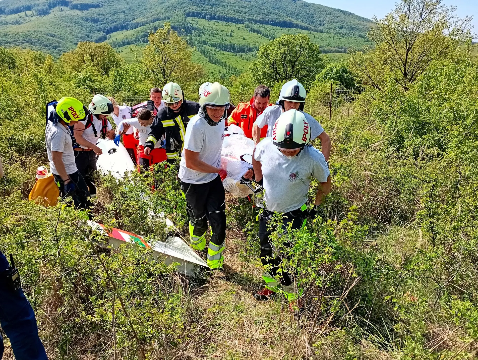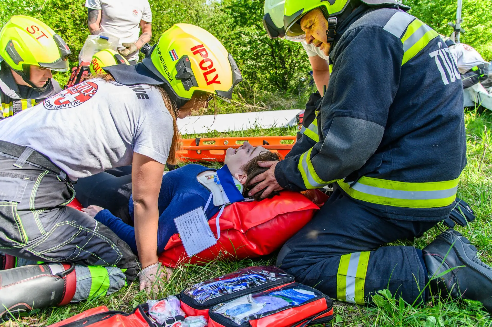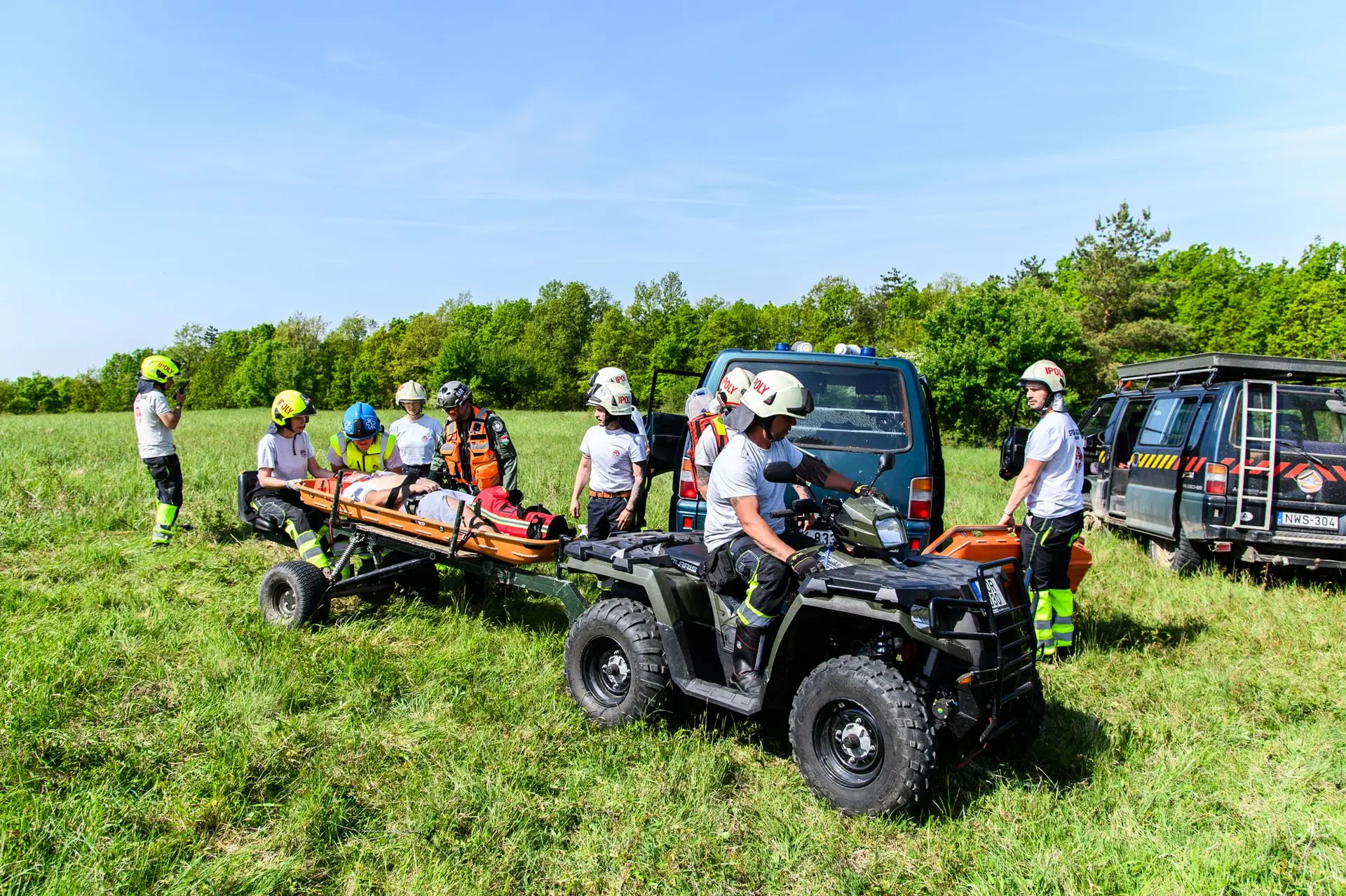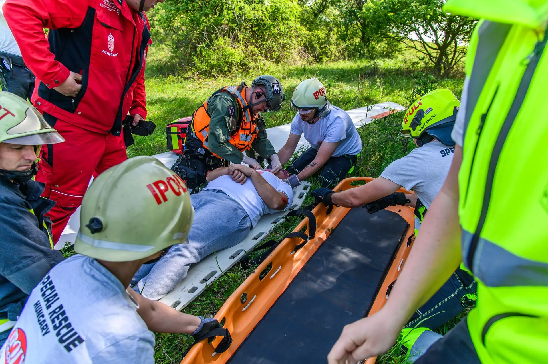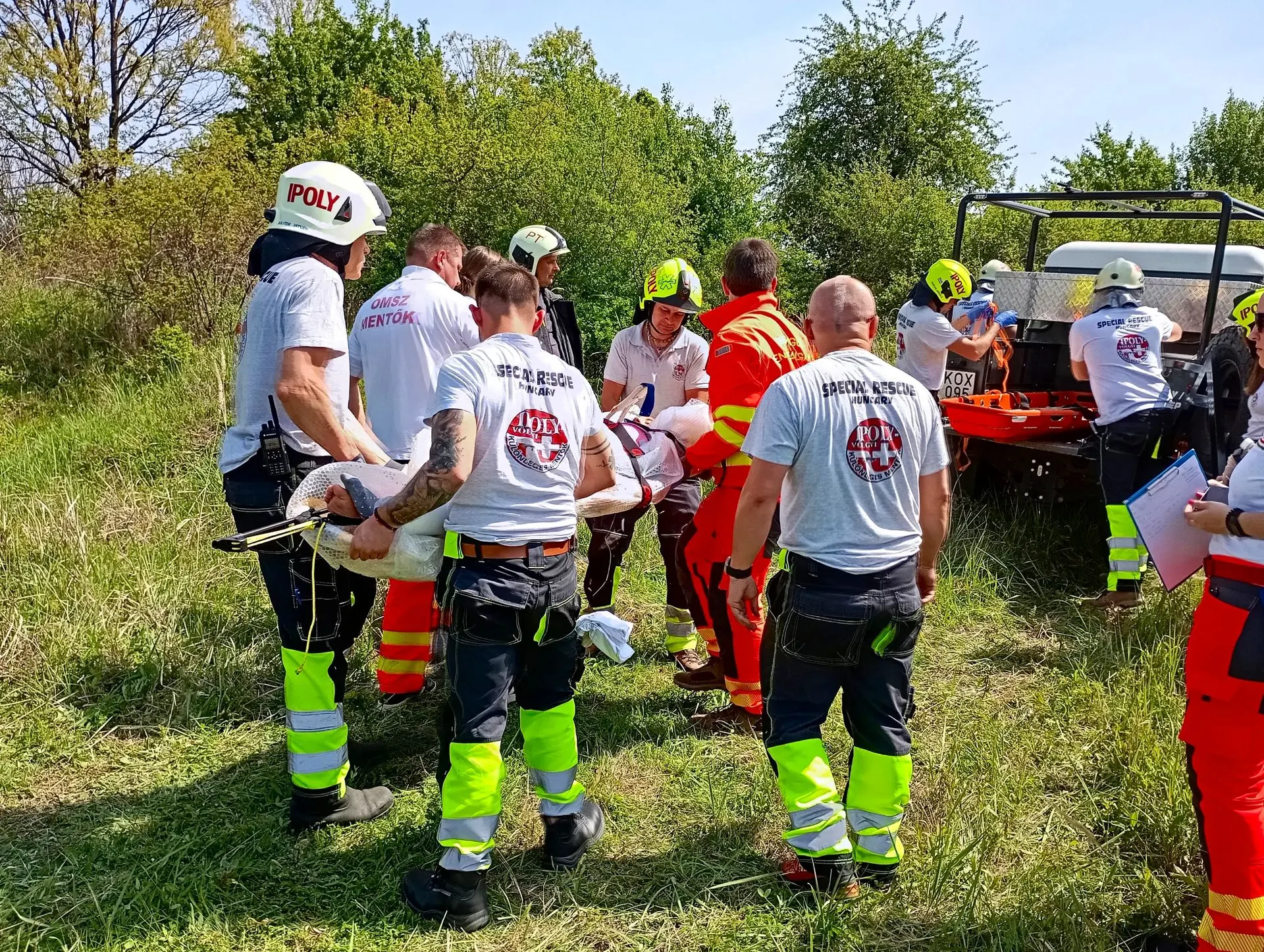 A tömeges kárhelyszínre a sérültek ellátásához az Országos Mentőszolgálat nagy létszámú egységekkel vonult ki, a sérültek kimentéséhez, valamint a közvetlen helyszíni ellátásukhoz és szállításukhoz pedig egyesületünk érkezett meg mentőtiszttel, mentőápolókkal, hivatásos és önkéntes tűzoltókkal, akiknek a munkáját három terepjáró gépkocsi és egy sérültszállító utánfutóval ellátott quad segítette.
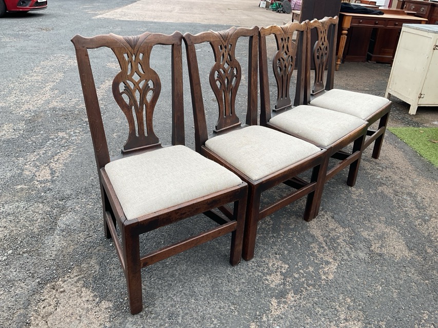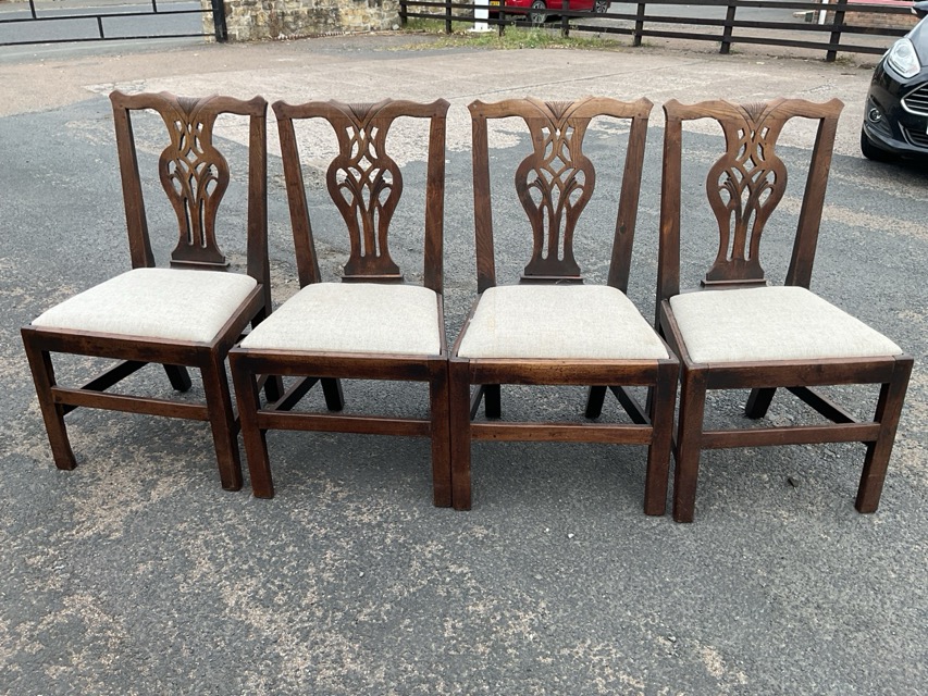 A set of four eighteenth century laburnum Chippendale style chairs with shaped carved pierced splats beneath shell carved rails, above drop-in newly reupholstered Ralph Lauren linen seats, raised on square chamfered legs joined by stretchers. (4)
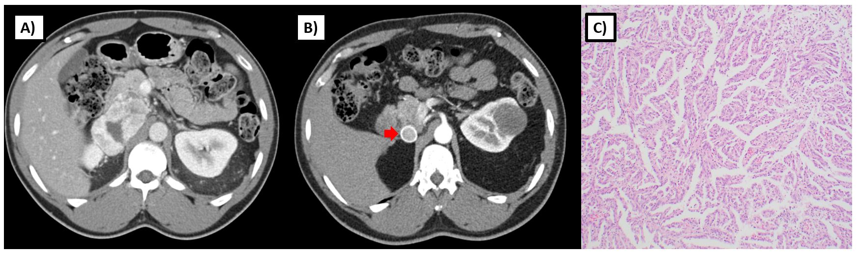 SDH is an enzyme complex that is composed of four subunits (SDHA, SDHB, SDHC, SDHD) and assembled with SDHAF1 and SDHAF2 mitochondrial proteins. This enzyme plays a critical role in mitochondrial respiration; specifically, it catalyzes the oxidation of succinate to fumarate within the Krebs cycle and is also critical to complex 2 of the electron transport chain (Figure 1B). Those with germline loss of function mutations in one of these SDH genes are at risk for paragangliomas, pheochromocytomas, gastrointestinal stromal tumors (GIST), and RCC.28 RCC has been reported in individuals with SDHB, SDHC, and SDHD mutations, and more recently, in patients with SDHA mutations29. Histology can be variable and may depend on the subunit affected. SDHB-deficient tumors are characterized by a unique oncocytic and vacuolated appearance. By contrast, SDHC-deficient tumors tend to present with clear cell histology28,30. Various other histologies, including papillary, sarcomatoid, and unclassified RCCs have been reported in patients with germline mutations of SDH subunit genes (Figure 3).
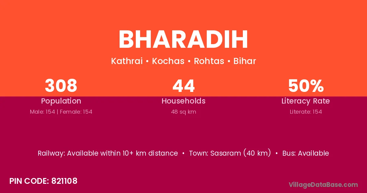 Sasaram (40 km) is the nearest town to Bharadih village for major economic activities and is located approximately 40 km away.

--- PROBLEM DETAILS ---
Could you return the entire listing above verbatim while dropping each picture?

--- SOLUTION FOR THIS PROBLEM ---
 A tömeges kárhelyszínre a sérültek ellátásához az Országos Mentőszolgálat nagy létszámú egységekkel vonult ki, a sérültek kimentéséhez, valamint a közvetlen helyszíni ellátásukhoz és szállításukhoz pedig egyesületünk érkezett meg mentőtiszttel, mentőápolókkal, hivatásos és önkéntes tűzoltókkal, akiknek a munkáját három terepjáró gépkocsi és egy sérültszállító utánfutóval ellátott quad segítette.
 A set of four eighteenth century laburnum Chippendale style chairs with shaped carved pierced splats beneath shell carved rails, above drop-in newly reupholstered Ralph Lauren linen seats, raised on square chamfered legs joined by stretchers. (4)
 SDH is an enzyme complex that is composed of four subunits (SDHA, SDHB, SDHC, SDHD) and assembled with SDHAF1 and SDHAF2 mitochondrial proteins. This enzyme plays a critical role in mitochondrial respiration; specifically, it catalyzes the oxidation of succinate to fumarate within the Krebs cycle and is also critical to complex 2 of the electron transport chain (Figure 1B). Those with germline loss of function mutations in one of these SDH genes are at risk for paragangliomas, pheochromocytomas, gastrointestinal stromal tumors (GIST), and RCC.28 RCC has been reported in individuals with SDHB, SDHC, and SDHD mutations, and more recently, in patients with SDHA mutations29. Histology can be variable and may depend on the subunit affected. SDHB-deficient tumors are characterized by a unique oncocytic and vacuolated appearance. By contrast, SDHC-deficient tumors tend to present with clear cell histology28,30. Various other histologies, including papillary, sarcomatoid, and unclassified RCCs have been reported in patients with germline mutations of SDH subunit genes (Figure 3).
 Sasaram (40 km) is the nearest town to Bharadih village for major economic activities and is located approximately 40 km away.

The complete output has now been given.